Other specialties include Pulmonology (chronic lung disease, asthma management, sleep medicine), Immunology/Allergy, Rheumatology, Endocrinology, Infectious Disease, and Psychiatry. Not all specialties maintain inpatient beds; some operate as outpatient clinics only. If your child needs a subspecialty that TC Thompson does not offer, your pediatrician will refer you to Chattanooga-area offices of specialists or to regional medical centers.
TC Thompson operates multiple outpatient clinic locations. The main clinic campus sits on the Erlanger grounds in downtown Chattanooga. Satellite clinics operate in the North Shore area and other locations to reduce travel burden for families across the region.
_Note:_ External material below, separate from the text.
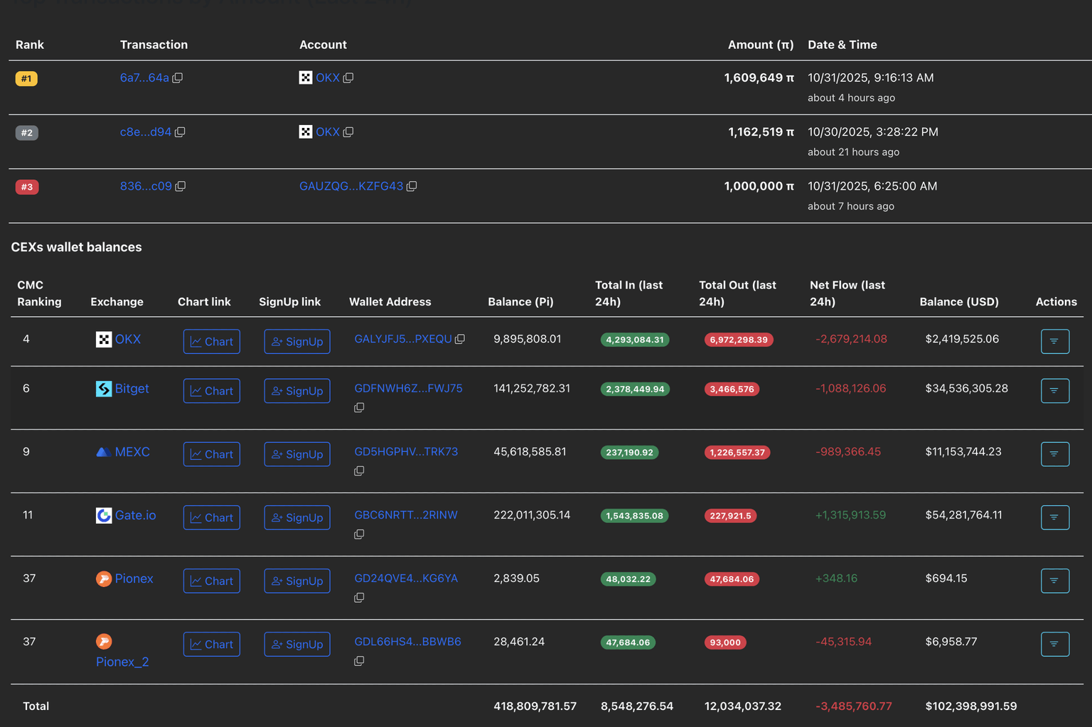 PiScan 數(shù)據(jù)顯示,過去 24 小時(shí)內(nèi),CEX 錢包余額凈流出 348 萬個(gè) PI 代幣,表明交易所內(nèi)的需求正在增加。

Scheduling for routine follow-up appointments typically occurs 2 to 6 weeks in advance, though urgent slots may open with shorter notice.
Behavioral health services (psychiatry and psychology) have capacity constraints across Chattanooga; wait times for initial psychiatric evaluation currently exceed 6 months for non-urgent cases. Families seeking quicker mental health support can contact Community Mental Health Center locations in Chattanooga or explore private providers outside the hospital system, though these may have different insurance acceptance.
Admissions for scheduled procedures begin with a pre-operative phone call 1 to 2 weeks before the date. Your insurance coverage is verified at that time. Many families discover coverage gaps or pre-authorization requirements during this call, so confirming details with your insurer in advance prevents delays on the admission date.
Emergency admissions bypass pre-authorization; stabilization and treatment proceed immediately. Insurance claims and coverage disputes are resolved after discharge.
TC Thompson receives transfers via ground ambulance and helicopter from smaller regional hospitals. If your child is hospitalized at a community hospital in areas like Hixson or Signal Mountain and needs higher-level care, the regional system will arrange transfer. Families do not typically arrange their own transfers; hospital medical staff make this decision based on clinical need.
Ask your pediatrician which subspecialists work in the TC Thompson network and which require travel elsewhere. This conversation clarifies logistics before an acute situation forces a rushed decision. Request specific provider names; continuity with one attending or nurse practitioner across multiple visits improves communication and reduces redundant testing.
For families navigating a new diagnosis in your child, the hospital's social work and care coordination teams help identify community resources, arrange home health services if needed, and connect families with other parents facing similar conditions.